Simple But Effective Techniques for NUMA Memory Management

Bolosky, Fitzgerald, Scott

How do we manage memory in a NUMA, where each processor has a fast, unshared, local memory, and there is a slow, shared, global memory?
- hardware, OS, libraries or compiler, explicit application control
- hardware is too expensive; application control unnecessarily burdens programmers
- this paper puts management in the OS

used Mach OS: memory management is divided into machine-independent and machine-dependent parts, separated by a well-defined pmap interface
used IBM ACE multiprocessor: up to 8 processors or 128 MB global memory (but not at the same time); global memory about twice as slow as local memory (8 MB per processor)
took existing pmap (machine-dependent) layer and divided it into two modules: pmap manager (which exports the pmap interface to the machine-independent part of Mach), and mmu interface
wrote two other modules: NUMA manager (which maintains consistency of pages cached in local memories), and NUMA policy (which decides whether a page should be placed in local or global memory)

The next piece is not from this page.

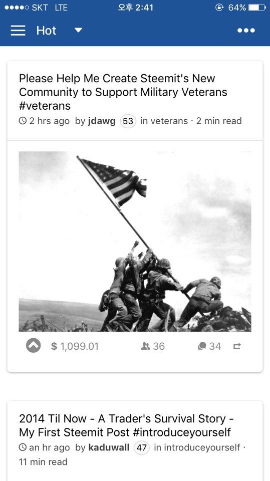 첫번째 문제를 해결 할 방법이 없을까 알아보다 스티밋 어플이 있는걸 알게 됐습니다. 신나서 바로 설치했는데... 너무하다 싶었습니다. 느리고 렉이 걸려서 계속 튕겨서 실사용이 불가능 했습니다. 처음 사용한건 2주?3주 전이었고 그 뒤로 사용 하지 않다가 이 글을 작성하기 위해서 다시 들어갔는데 예전보다는 훨씬 나아졌습니다. 렉도 거의 사라졌고 최적화가 된 느낌입니다. 모바일 어플이니 새로운 글을 보려면 손으로 화면을 터치하고 위로 쭉 올리면 글들이 아래로 내려가는 구조입니다. 그런데!!! 손으로 잡고 쭉 내리는 순간 글이 클릭되어서 자꾸 원치 않는 게시물로 들어가짐을 확인했습니다. 조금 더 조정이 필요할 것 같습니다.

local memories are used as a cache for global memory
tell Mach that available memory is as big as the global memory
each local page is in one of these states:
- read-only: may appear in 0 or more local memories, must have read-only MMU protection in all
- local-writable: in exactly 1 local memory, may be writable
- global-writable: in global memory only, may be writable
NUMA manager calls NUMA policy module with a single function cache_policy(logical_page,protection), which returns LOCAL or GLOBAL. The actions then taken by the manager are summarized by a small FSM given in Tables 1 and 2 in the paper.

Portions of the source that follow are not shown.